* _Extracted information_

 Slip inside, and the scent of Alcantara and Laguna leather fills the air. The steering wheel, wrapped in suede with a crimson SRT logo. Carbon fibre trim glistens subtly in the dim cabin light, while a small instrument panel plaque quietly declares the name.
==
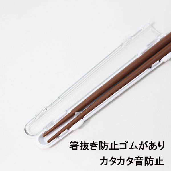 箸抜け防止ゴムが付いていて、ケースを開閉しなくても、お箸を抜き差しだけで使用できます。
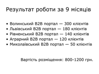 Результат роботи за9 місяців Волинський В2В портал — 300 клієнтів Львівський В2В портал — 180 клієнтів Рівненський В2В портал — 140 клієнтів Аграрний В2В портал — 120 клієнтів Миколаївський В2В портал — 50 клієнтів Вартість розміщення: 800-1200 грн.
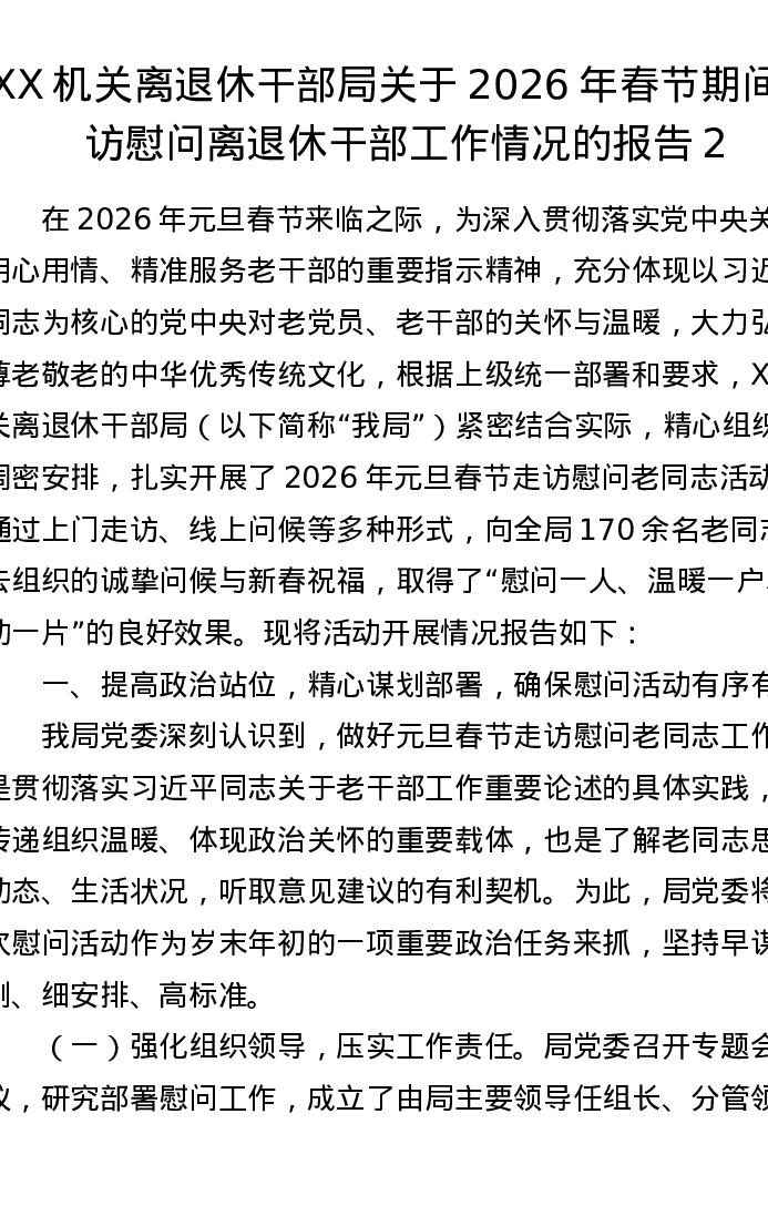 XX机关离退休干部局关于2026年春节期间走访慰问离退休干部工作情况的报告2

* _What you should do_
Would you copy, word for word, only the lines above from the one containing "箸抜け防止ゴムが付いていて、" through the one containing "XX机关离退休干部局关于2026年春节期间走访慰问离退休干部工作情况的报告2", both included, and please leave out the pictures?

* _Reply to the task_
 箸抜け防止ゴムが付いていて、ケースを開閉しなくても、お箸を抜き差しだけで使用できます。
 Результат роботи за9 місяців Волинський В2В портал — 300 клієнтів Львівський В2В портал — 180 клієнтів Рівненський В2В портал — 140 клієнтів Аграрний В2В портал — 120 клієнтів Миколаївський В2В портал — 50 клієнтів Вартість розміщення: 800-1200 грн.
 XX机关离退休干部局关于2026年春节期间走访慰问离退休干部工作情况的报告2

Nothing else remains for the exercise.